Post-launch, A/B tests and online evals handle demand spikes (e.g., new Opus 4.7 launch day capacity issues). Results: from 52-53% GPT-4o code commit rate to 90% with o1. Custom models tackle specifics, like agentic code retrieval for edits or cheap models for chat titles. "With Opus o1, we're getting 90% of Opus code in our harness committed... improvement we see in 1 year."
Pierce stresses continuous loops: model updates, prompt/tool tweaks, purpose-built models. New models start "infant" but hone quickly; different models (4.5 to 4.7, o1 to 5.3 Codex) think differently, requiring per-model tuning.
Sub-Agents: Specialization and Model Choices
Sub-agents address when the main agent delegates: it's a tool the model selects to run a fresh agent loop with a goal, returning results like a function. Users question different models (e.g., main o1-preview at 3x cost, sub-agent Haiku at 0.33x): no bait-and-switch, but deliberate for best experience.
Reasons: speed/cost for narrow tasks (context gathering, exploration). Main agent (heavy reasoning model) plans/coordinates; sub-agents use fast/cheaper models. Pierce: sub-agent as "run this workflow with fresh context... return back to main thread." Model decides via tool choice in the loop.
Customizations modify basics: instructions append text (global or glob-patterned), skills let model fetch/append context like tools, NCP adds tools. Trade-offs abound: too many tools/options degrade choice (like humans with overload); custom models prune to relevant ones. User corrections append as text, enabling smart pivots but risking bad paths—kill/restart advised.
"When you give people more choices, their ability to pick the right choice degrades."
Trade-Offs in Customization and Behaviors
Pierce warns against extremes: stuffing prompts fills context windows; 1,000 tools overwhelm. Optimizations include tool-refining models and context-specific custom models. Bad loops from poor prior tokens require intervention, as each predicts the next.
Features like auto-titles, commit messages, PRs, next edits run mini-loops transparently. Harness tailors to code quality; incentives align to user success, not tricks.

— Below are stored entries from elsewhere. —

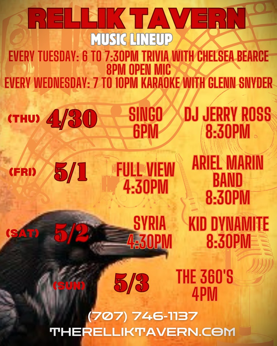 TUESDAY 4/28- 6PM -TRIVIA NIGHT 8PM - OPEN MIC
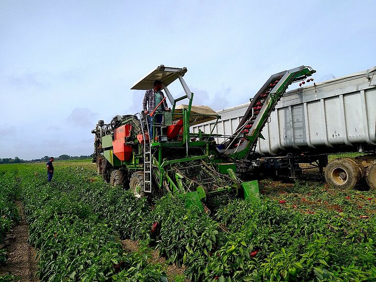 Pedro Militão es uno de los dos propietarios de la empresa Sociedade Agrícola Militão, que cultiva unas 40 hectáreas de pimientos en la zona de Marinhais. Todo el cultivo se cosecha mecánicamente. Con la mecanización, es muy importante que todas las plantas lleguen al final de su ciclo con un alto nivel de sanidad y vigor para que la cosechadora pueda hacer bien su trabajo. "Con la introducción de la recolección mecánica, nos vimos obligados a cambiar nuestra forma de producir y decidimos introducir nuevos medios que ayudaran a proteger las raíces. Fue así como conocimos el Trianum-P, una solución biológica con la que hemos constatado un aumento de la resistencia de la planta a los hongos del suelo, logrando un mayor vigor y, en consecuencia, obteniendo una mayor producción final", explica Pedro Militão.
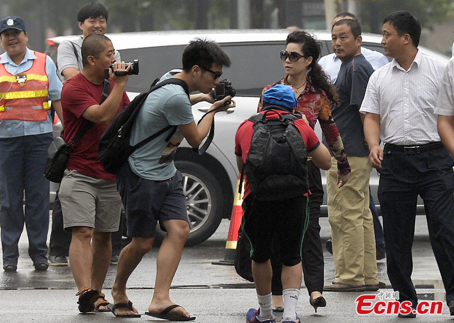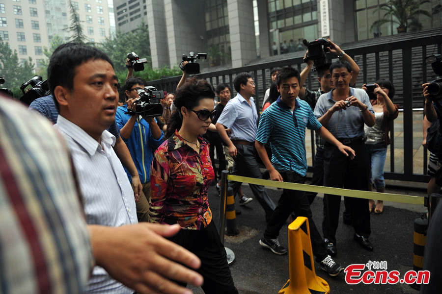 Well-known People's Liberation Army (PLA) singer Li Shuangjiang's teenage son, who as allegedly involved in a gang-rape case, stood trial at a Beijing district court on August 28, 2013. Photo shows Junior Li's mother, Meng Ge, arrives at the court. [Photo: Chinanews.com / Jin Shuo]
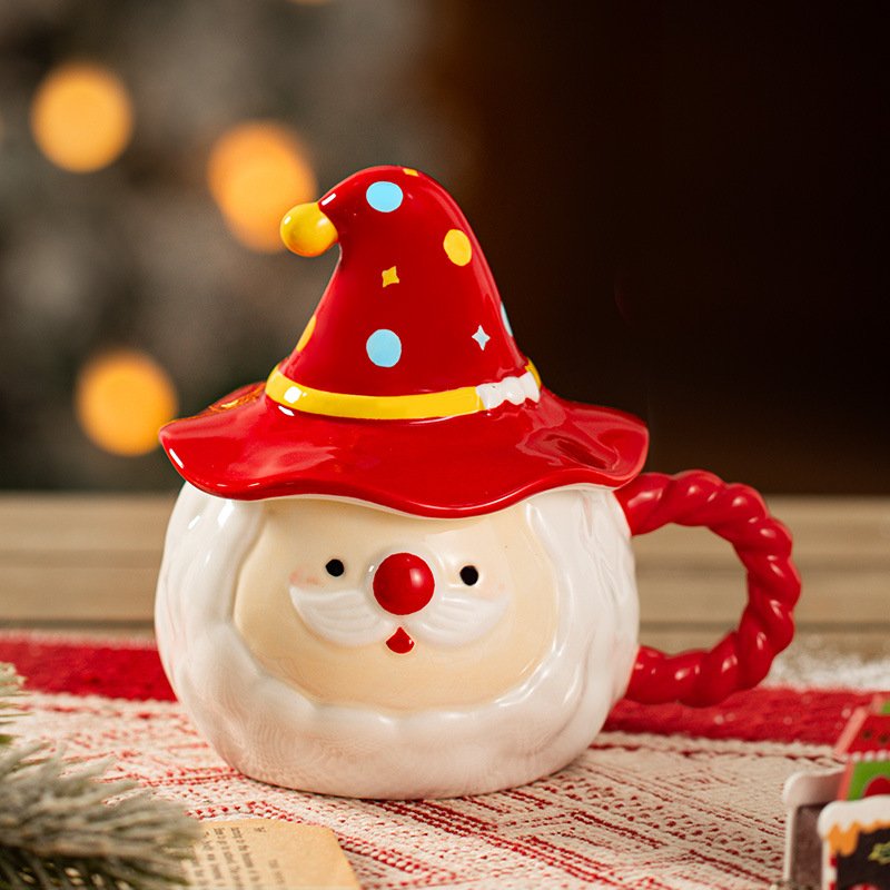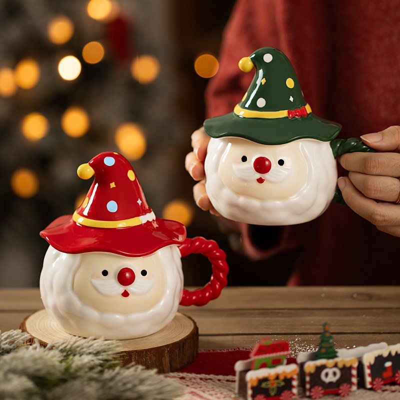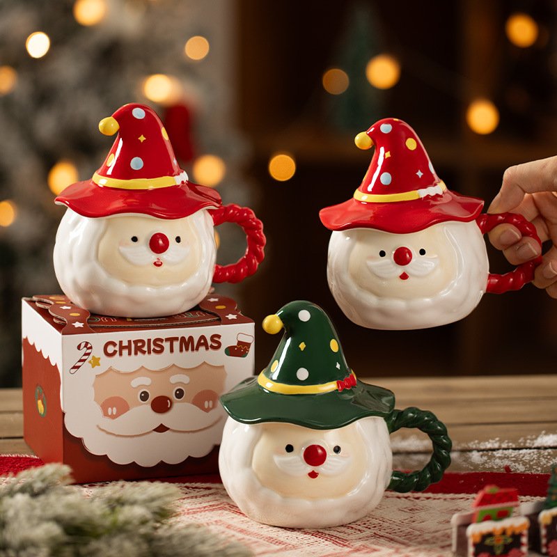 Cute Santa Claus Ceramic Mugs with Lid – Perfect Christmas Gift & Festive Drinkware
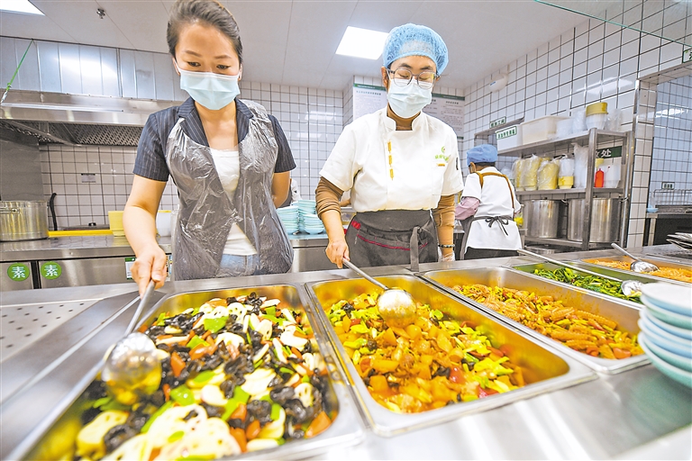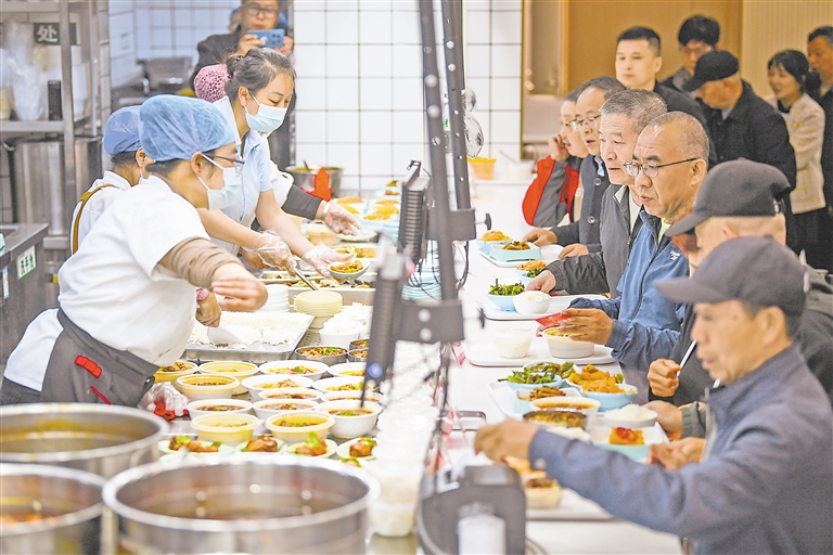 该社区食堂场地由银川市住建局免费提供,以“街道引导、社会化运营、公益属性、综合监管”为经营原则,集智能化出餐、网格化管理、营养膳食分析等功能于一体,建立“食堂+助餐点集中配餐+共享服务”的助餐服务模式,实现辖区就餐群体“全龄+全能”全覆盖。
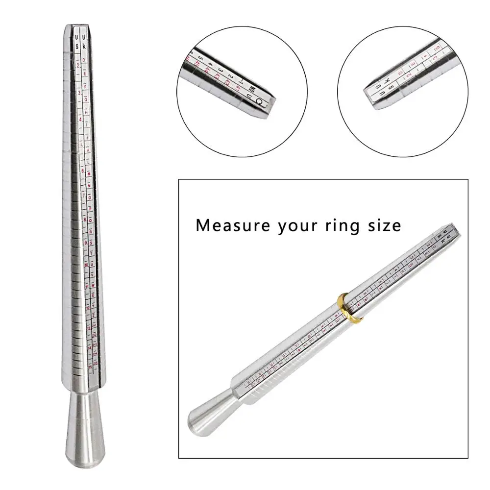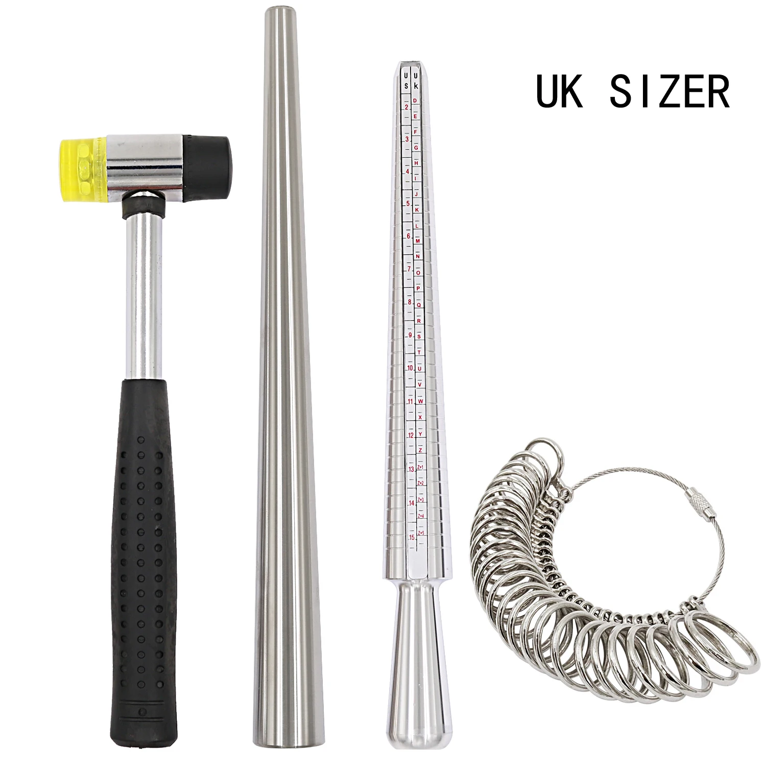 Инструмент для измерения размера кольца, 4 шт., с металлической оправкой, с измерительной палочкой и кольцом, измеритель размера и резиновый ювелирный молоток
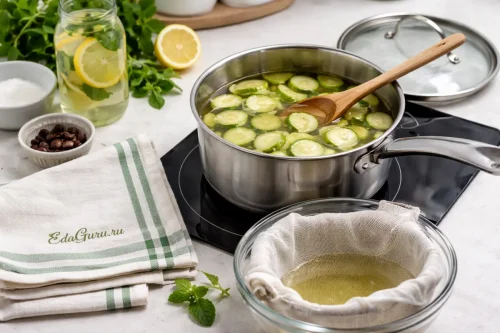 Компот из кабачков — простой домашний напиток, который давно известен в сезонной кухне. Благодаря нейтральному вкусу кабачок хорошо впитывает аромат сахара, лимона и других фруктовых добавок, поэтому компот получается легким и освежающим. Особенно часто такие рецепты появлялись в годы богатого дачного урожая, когда хозяйки искали способы использовать овощи не только в рагу, оладьях и икре. По текстуре и способности принимать вкус сиропа кабачок нередко сравнивают с ананасом, поэтому в домашних заготовках его иногда сочетают с цитрусовыми. Такой компот ценят за доступность ингредиентов, мягкий вкус и простоту приготовления: активное время минимально, а основная задача — дать напитку настояться, чтобы вкус стал более выразительным.

James emphasizes micro-decisions' impact on prompting.
Ongoing: demand prediction challenges in agentic era (10+ parallel agents), offline eval limits, provider updates.
"There's an enormous amount of optimization... that you don't actually see."
Key Takeaways
- Trigger the agent loop with a clear prompt; watch iterations via chat for search/read/edit patterns.
- Select models wisely—new ones like o1-preview need weeks to optimize; expect initial capacity hiccups.
- Use instructions/skills sparingly to avoid context bloat; let model choose via tools.
- Kill bad sub-agent paths early—corrections append as text, but prior tokens influence heavily.
- Customize via glob instructions or NCP for targeted tools, but limit options to aid model decisions.
- Evaluate via trajectories, not just resolution: aim for optimal paths in your workflows.
- Leverage VS SWE-bench insights: focus on production harnesses over polluted benchmarks like SWE-bench.
- For sub-agents, embrace model mixing—cheap/fast for exploration, heavy for orchestration.
- Monitor trade-offs: more tools degrade choice; use custom models for retrieval/edits.
- Stay updated weekly—harness evolves with models, boosting code acceptance from ~50% to 90%.